第5話:嵐の前




 その後は何事も無く……とはいかず、さすがにロレンソとその側近達、そしてシルビアは、別室へと隔離された。

 終業式が終了するまで部屋から出る事も出来ず、不機嫌なロレンソと沈んでいるシルビアを、皆で宥める結果となった。

 隔離されているとはいえ、窓から外の様子を見る事は出来る。

 講堂を出て帰路に着く生徒達。


「王太子の俺がまだ居るのに、先に帰るとは何事だ!」

 ロレンソがお門違いな怒りを燃やしている横で、シルビアは親指の爪を噛んでいた。

 貴族の令嬢らしからぬ行動に、トマスの眉間に皺が寄る。そのトマスの視線を辿り、同じくカルリトスも微かに眉間を寄せた。


「ロレンソ!俺達はいつ帰れるんだ? 早く帰らないと、騎士団の訓練に遅れてしまう」

 ファビオが言う。

 ほぼ毎日騎士団の訓練に参加している事は、彼の中で密かな優越感だった。

 まだ学生なのに騎士団で訓練する自分。騎士団長子息で才能溢れる自分。

 彼は騎士団での訓練が大好きだった。


 

「ねぇ、シルビア。これ、どうする?」

 ポケットから例の魔導具を取り出してテーブルに置いたマルティンは、心ここにあらずなシルビアに声を掛ける。

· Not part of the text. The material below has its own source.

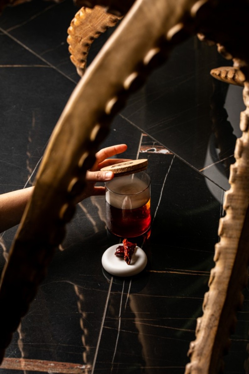 Per la nuova drink list Daniele Gentili e Francesco Cimaglia, general manager e bar manager, hanno trovato dodici parole identificative di altrettante caratteristiche del distillato. Così «Affumicato, minerale, sulfureo, marino, erbaceo, vinoso, legnoso, fruttato, oleoso, floreale, dolce e cereale» guidano il cliente alla scelta del cocktail più adatto ai propri gusti o voglie del momento. La lista è un gioco di equilibri fra drink più classici, come Emerald “Erbaceo”, variante sul Boulevardier, arricchito dalle note di timo, a quelli più sofisticati, come Kaori “Vinoso”, in cui si incontrano Giappone ed Europa, o Baltico “Marino”, con scotch whisky, borragine e nero di seppia.

 爪を齧りながら何かを必死に考えていたシルビアは、その問いに気付かない。

 代わりに反応したのは、不機嫌なロレンソだった。


「あの女はシルビアを虐めた事を認めていた! そんなもんは何の証拠にもならん!」

 唯一撮れた証拠。

 それはフランシスカが食堂で、シルビアに水を掛けたものだ。

 食堂は爵位毎にテーブルが分かれていて、王族であるロレンソと公爵家であるフランシスカとアレシアが一緒である。

 テーブルは四人がけで一人分空いていたので、ロレンソに呼ばれたシルビアが座ったのだ。

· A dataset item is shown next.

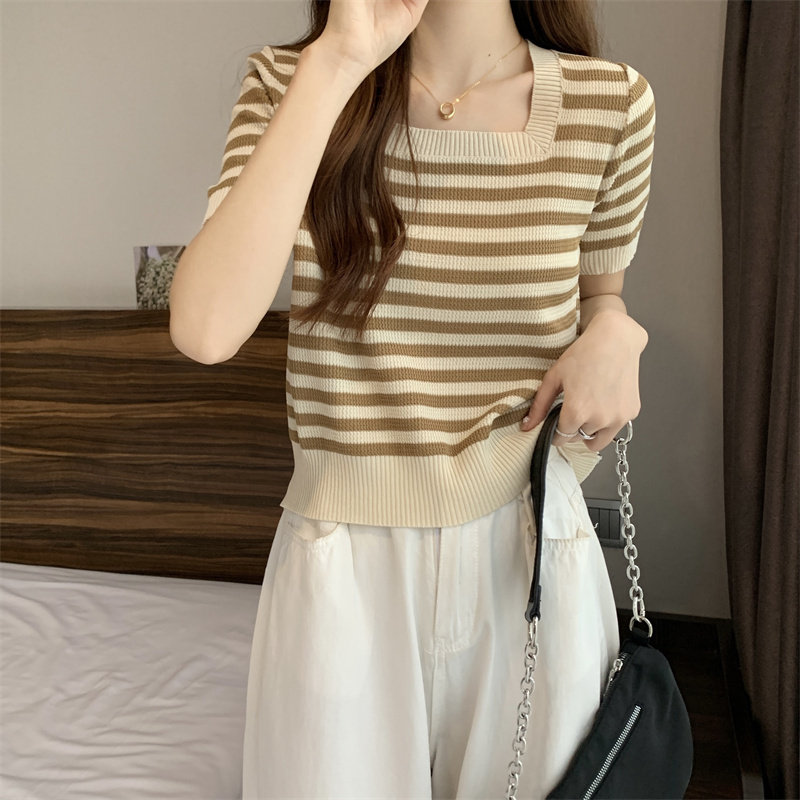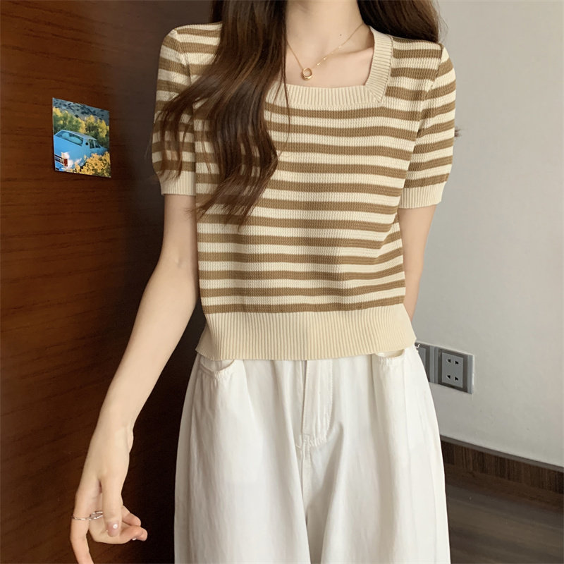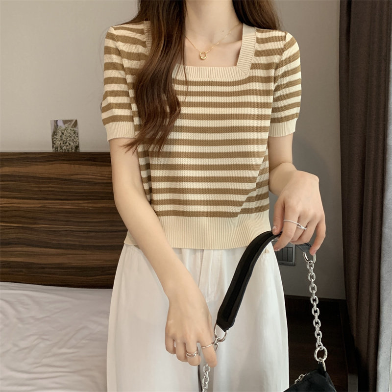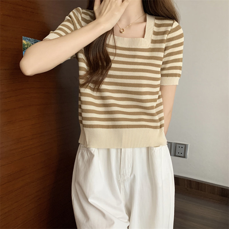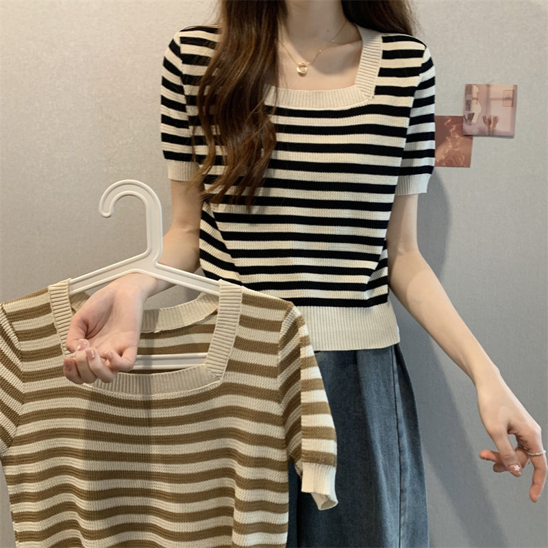 Шелковая летняя футболка с коротким рукавом, трикотажный свитер, большой размер, квадратный вырез

 婚約者であるフランシスカの許可も、同席者の公爵令嬢であるアレシアの許可も取らず。


 その件は学校内に広まったが、シルビアに同情するのは下位貴族や平民ばかりだった。下位貴族や平民は、食堂で空いている席に同席するのは当然の事だったから。

 その事に、ここにいるロレンソを含めた六人は気付いていない。

 実は、侯爵位までは完全に席が決まっており、伯爵位は暗黙の了解で席が決まっている。

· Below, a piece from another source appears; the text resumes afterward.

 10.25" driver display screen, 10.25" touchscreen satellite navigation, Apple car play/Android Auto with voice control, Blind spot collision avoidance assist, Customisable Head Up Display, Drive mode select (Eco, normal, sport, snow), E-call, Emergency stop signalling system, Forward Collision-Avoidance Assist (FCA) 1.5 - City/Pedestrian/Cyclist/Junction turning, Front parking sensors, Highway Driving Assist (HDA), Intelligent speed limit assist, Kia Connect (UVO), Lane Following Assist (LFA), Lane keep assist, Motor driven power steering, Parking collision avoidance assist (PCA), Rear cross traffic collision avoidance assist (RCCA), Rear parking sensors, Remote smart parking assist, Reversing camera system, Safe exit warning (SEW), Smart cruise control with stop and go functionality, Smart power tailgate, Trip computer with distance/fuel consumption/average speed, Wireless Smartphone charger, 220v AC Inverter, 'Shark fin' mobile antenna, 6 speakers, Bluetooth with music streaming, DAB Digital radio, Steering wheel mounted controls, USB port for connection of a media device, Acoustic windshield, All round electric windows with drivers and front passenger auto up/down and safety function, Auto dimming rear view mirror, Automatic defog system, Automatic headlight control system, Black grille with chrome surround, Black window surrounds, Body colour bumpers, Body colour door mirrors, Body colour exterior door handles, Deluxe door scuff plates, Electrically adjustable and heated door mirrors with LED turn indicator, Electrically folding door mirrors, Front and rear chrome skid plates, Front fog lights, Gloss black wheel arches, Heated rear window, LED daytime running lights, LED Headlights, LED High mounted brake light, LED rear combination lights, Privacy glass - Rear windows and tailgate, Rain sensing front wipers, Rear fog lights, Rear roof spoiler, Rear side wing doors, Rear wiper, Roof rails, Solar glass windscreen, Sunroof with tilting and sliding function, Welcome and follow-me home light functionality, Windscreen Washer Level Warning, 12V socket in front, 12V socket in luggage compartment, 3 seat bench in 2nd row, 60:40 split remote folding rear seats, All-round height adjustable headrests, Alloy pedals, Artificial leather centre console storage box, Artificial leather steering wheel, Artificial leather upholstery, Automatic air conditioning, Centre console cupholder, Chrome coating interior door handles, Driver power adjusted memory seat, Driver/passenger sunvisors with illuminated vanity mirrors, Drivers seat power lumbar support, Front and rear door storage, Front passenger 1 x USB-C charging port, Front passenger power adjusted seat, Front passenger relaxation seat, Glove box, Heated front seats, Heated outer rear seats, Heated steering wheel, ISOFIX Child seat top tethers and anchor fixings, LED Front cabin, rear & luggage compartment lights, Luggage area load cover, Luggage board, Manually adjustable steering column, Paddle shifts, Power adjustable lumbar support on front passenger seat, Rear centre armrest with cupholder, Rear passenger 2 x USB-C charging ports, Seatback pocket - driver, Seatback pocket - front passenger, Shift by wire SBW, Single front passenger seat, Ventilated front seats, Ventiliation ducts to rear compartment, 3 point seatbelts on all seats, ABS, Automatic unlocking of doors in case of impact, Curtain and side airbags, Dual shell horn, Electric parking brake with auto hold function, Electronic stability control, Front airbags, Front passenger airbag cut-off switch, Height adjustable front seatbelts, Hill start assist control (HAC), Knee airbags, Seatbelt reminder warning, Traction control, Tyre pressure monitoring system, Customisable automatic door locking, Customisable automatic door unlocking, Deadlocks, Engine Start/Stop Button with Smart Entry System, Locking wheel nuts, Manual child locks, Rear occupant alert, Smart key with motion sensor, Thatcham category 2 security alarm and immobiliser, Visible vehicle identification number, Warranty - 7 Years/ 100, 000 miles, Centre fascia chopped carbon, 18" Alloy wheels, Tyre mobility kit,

 日々空いている席に早い者勝ちで座るのは、下位貴族や平民だけなのだ。

 それすらシルビアは知らなかった。

 そして残念な事に、側近達も伯爵位までしか居なかった。



「本当は、シルビアが頬を叩かれた映像を残したかったね」

 マルティンが言う。

「あぁ、あのロレンソと腕を組んで歩いていた時のやつか」

 ファビオが当時を思い出したのか、うんうんと数回頷く。


「教科書や制服を破いている姿は結局撮れなかったの?」

 カルリトスが首を傾げながらマルティンを見る。

「撮れたけど、実行犯は他の生徒だった。命令してやらせたんじゃん?」

 軽い声で答えるマルティンを、トマスが横目でチラリと見たが、何も言わなかった。

「何?」

 視線に気付いたマルティンが問うても、「何でもない」と首を振るだけだった。




 ここで話されている虐めとは、多少苛烈ではあるが、フランシスカは婚約者としての当然の権利を主張しただけの行動であった。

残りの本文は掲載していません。